A casi cinco meses de la muerte de Sofía Devries, la joven de 23 años que falleció mientras buceaba en Puerto Madryn, la Justicia de Chubut tomó una decisión clave: el próximo lunes 6 de julio se realizará la audiencia de apertura de investigación contra el instructor de buceo Thiago Nahuel Pocovi, quien será imputado por el delito de homicidio culposo.
La audiencia está prevista para las 10.30 en los Tribunales de Puerto Madryn y será presidida por la jueza penal Marcela Alejandra Pérez Bogado. El imputado participará de manera virtual, ya que actualmente reside en Buenos Aires.

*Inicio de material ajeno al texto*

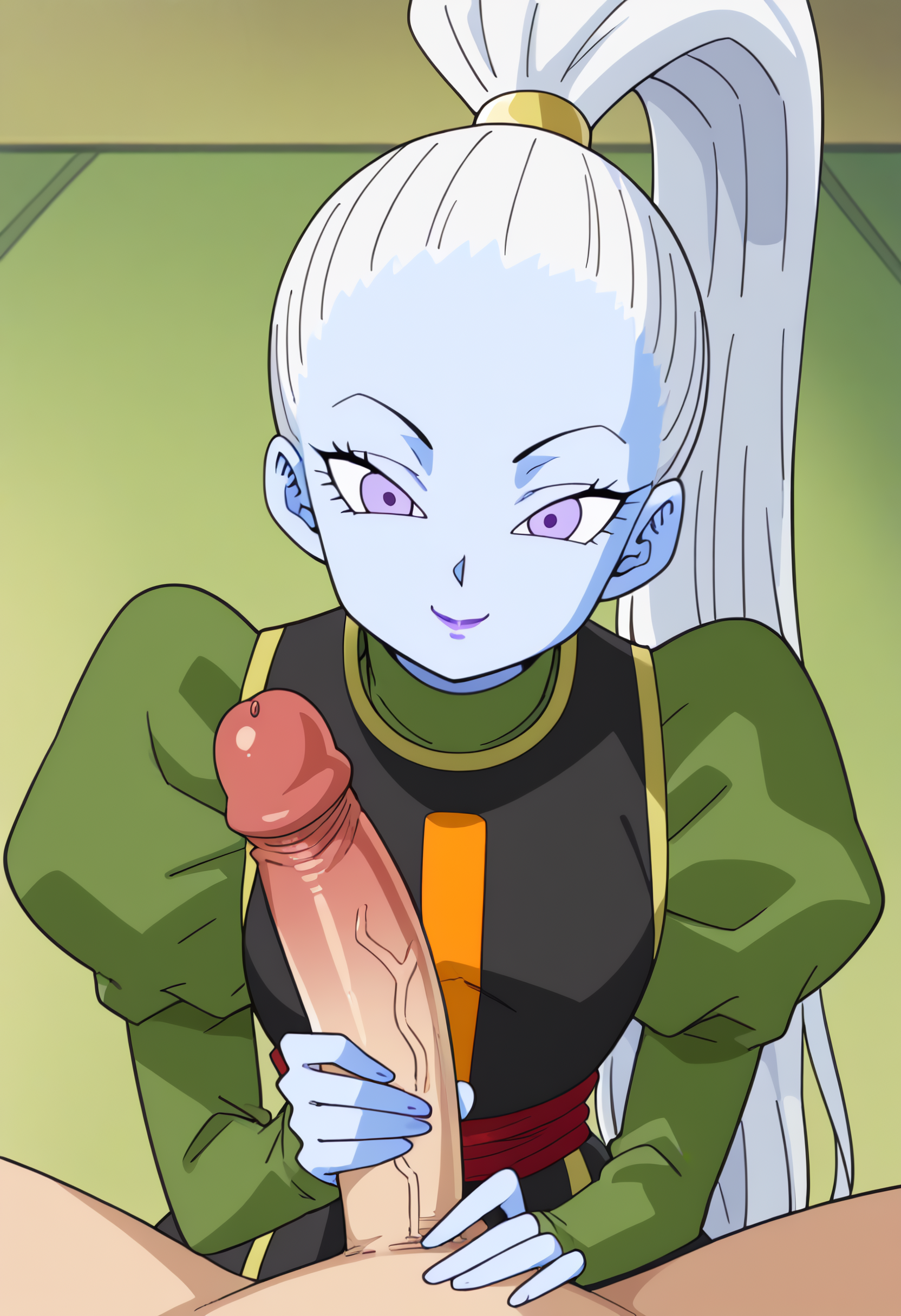 vados, 색상이 있는 피부, 파란 피부, 보라색 눈, 보라색 입술, 높은 꼬리, 뒤로 묶은 머리

La decisión marca un giro importante en una causa que desde febrero generó conmoción en Chubut y a nivel nacional. Sofía murió el 16 de febrero durante una salida de buceo de aguas profundas en el parque subacuático del ex buque Hu Shun Yu 809, un pesquero chino hundido hace aproximadamente una década y convertido en uno de los puntos de inmersión más conocidos de Puerto Madryn.
Su cuerpo fue hallado dos días después, el 18 de febrero, por personal de la Prefectura Naval Argentina en la zona de la popa del barco hundido.
La joven había viajado desde Moreno, provincia de Buenos Aires, junto a su pareja. Según reconstruyeron los investigadores, el objetivo del viaje era avanzar en una certificación internacional de buceo.
En las primeras horas posteriores a la tragedia se habló de un “bautismo de buceo”, pero esa versión fue descartada con el avance de la investigación: Sofía participaba de una instancia de formación más exigente, vinculada a inmersiones de mayor profundidad.
De acuerdo con la hipótesis de la Fiscalía, Pocovi, instructor certificado por PADI, estaba a cargo de un grupo de siete buceadores que descendió hacia el parque subacuático. La imputación presentada por el fiscal Alex Williams y el funcionario Juan Pablo Santos sostiene que, al momento de iniciar la inmersión, las condiciones de visibilidad bajo el agua eran “extremadamente reducidas”, lo que habría impedido una supervisión directa y efectiva de todos los participantes. Pese a ese escenario, la actividad continuó.
Siempre según la reconstrucción fiscal, Sofía y su pareja habrían quedado sin supervisión directa al llegar al fondo, mientras el resto del grupo comenzaba el ascenso. En ese contexto, la joven empezó a manifestar signos de malestar y se habría retirado el regulador de respiración.
Su compañero intentó asistirla ofreciéndole su propio regulador y tratando de inflar el chaleco compensador para ascender juntos a la superficie, pero la maniobra no logró evitar el desenlace fatal.
La autopsia determinó que Sofía murió por ahogamiento. En febrero, fuentes judiciales habían señalado que el informe preliminar no registraba signos de criminalidad ni intervención directa de terceros en la muerte, aunque la causa continuó abierta para establecer si existieron responsabilidades por posibles incumplimientos de protocolos o deberes de cuidado durante la práctica.
Ahora, con la imputación formal al instructor, la investigación entra en una nueva etapa. Para el Ministerio Público Fiscal de Chubut, la actuación de Pocovi habría sido contraria a los protocolos y normas de seguridad que regulan la actividad de los instructores de buceo. Por eso, la conducta fue calificada de manera provisoria como homicidio culposo, delito previsto en el artículo 84 del Código Penal para los casos en los que una persona causa la muerte de otra por imprudencia, negligencia, impericia o por no observar los deberes de cuidado a su cargo.